Tiger Airways said it is seeking an upward adjustment of fuel surcharge of between six percent and as much as 22 percent on international passenger tickets due to the rising cost of aviation fuel in the world market.
The airline wants to raise the fuel surcharge on Clark to Singapore passengers 7.5 percent to P860 per passenger from P800 as well as Clark to Bangkok passengers by about six percent to P900 from P850.
The low-cost carrier also intends to hike by 22.2 percent the fuel surcharge imposed on passengers of Kalibo to Singapore flights to P1,100 per passenger from P900.
The CAB allows airlines to impose fuel surcharge on international and domestic passengers as a temporary relief to help them recover losses arising from the increase in jet fuel prices in the world market.
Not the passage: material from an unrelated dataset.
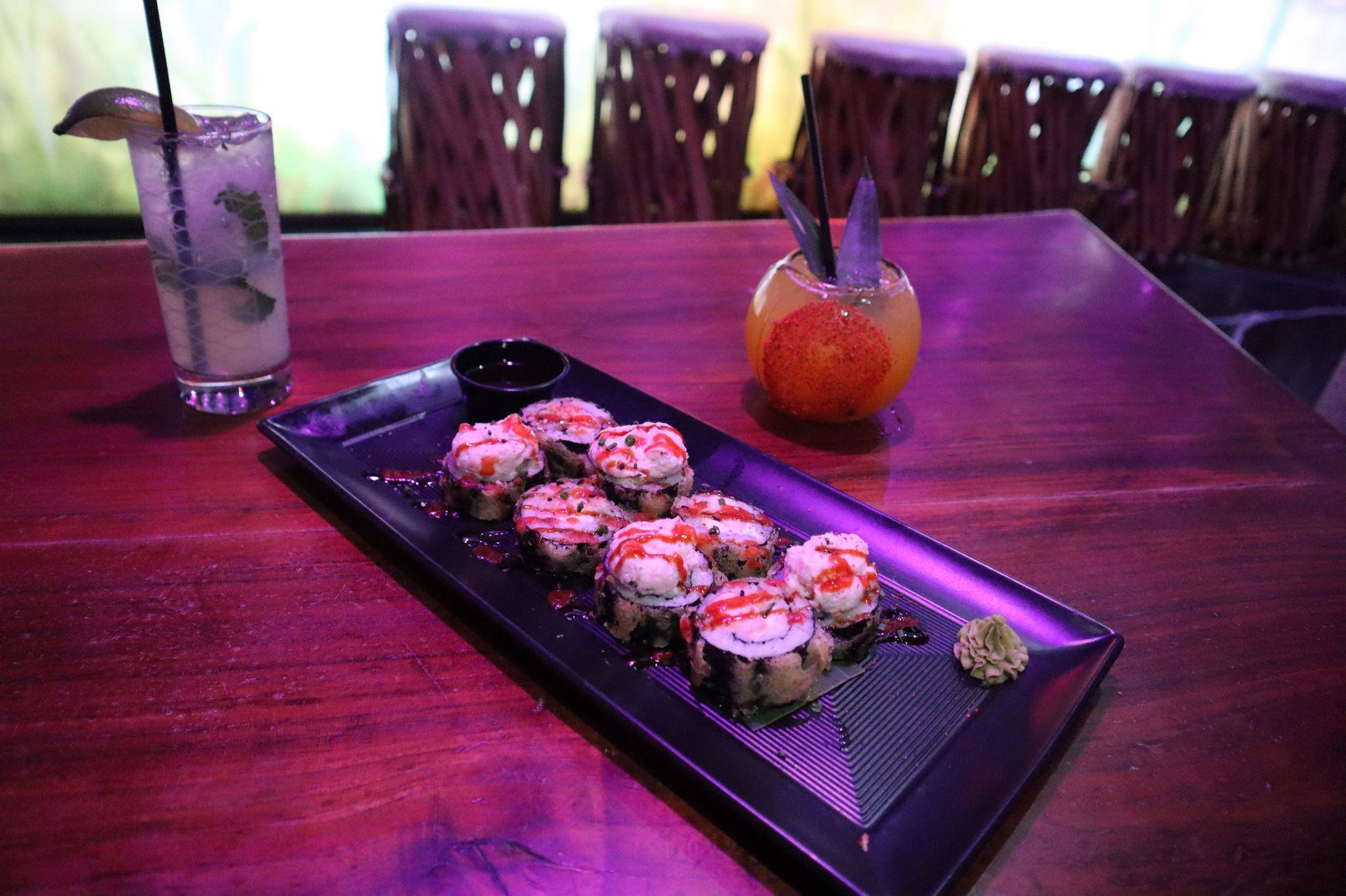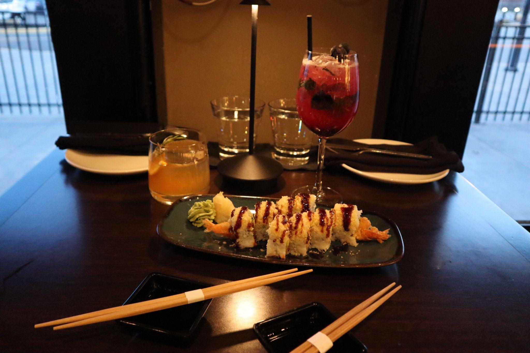 CRAVE’s blueberry lemonade cocktail ($6), honey old-fashioned ($7) and the crunchy roll ($8).

Latest results of the Jet Fuel Price Monitor of the International Air Transportation Association (IATA) showed that average price of jet fuel rose 1.1 percent to $127 per barrel from a month ago, exceeding the full year target of $124.5 per barrel set by IATA.
Last July, Tiger Airways has already raised the fuel surcharge for its flights to Singapore and Bangkok via the Clark International Airport in Pampanga and Kalibo International Airport in Aklan.
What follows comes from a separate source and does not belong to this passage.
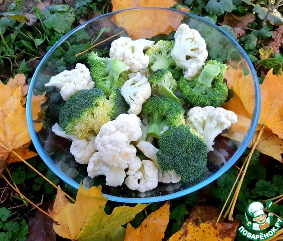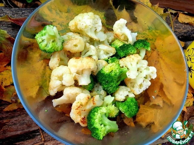 Опустить в кипящую воду на 4-5минут. После чего цветную капусту обжарить.

The local unit of Singapore’s Tiger Airways is undertaking a massive re-fleeting program as it initially intends to triple its revenues and increase its market share in the local aviation industry starting this year.
The budget airline intends to beef up its existing fleet of five aircraft consisting of two Airbus A320 and three A319 aircraft to 25 within the next three to five years. It intends to acquire at least three to four aircraft per year over the next three to five years.
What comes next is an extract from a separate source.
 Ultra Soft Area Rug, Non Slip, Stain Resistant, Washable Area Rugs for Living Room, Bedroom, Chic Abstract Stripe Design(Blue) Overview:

Tiger Airways chief executive officer Olive Ramos said the airline expects revenues to increase by half in the next fiscal year to P7.5 billion from about P5 billion this fiscal year due to robust demand.
After launching flights to Phuket in Thailand, the airline is looking at other destinations such as Japan and South Korea.
In August last year Tiger Airways, through wholly-owned subsidiary Roar Aviation II Pte Ltd, acquired a 40-percent stake in Seair for a total consideration of $2.5 million. The investment in Seair is Tiger’s second joint venture after it acquired a 33-percent stake in Mandala Airlines in Indonesia.
The other 60 percent of Tiger Airways Philippines is owned by a group of Filipino businessmen.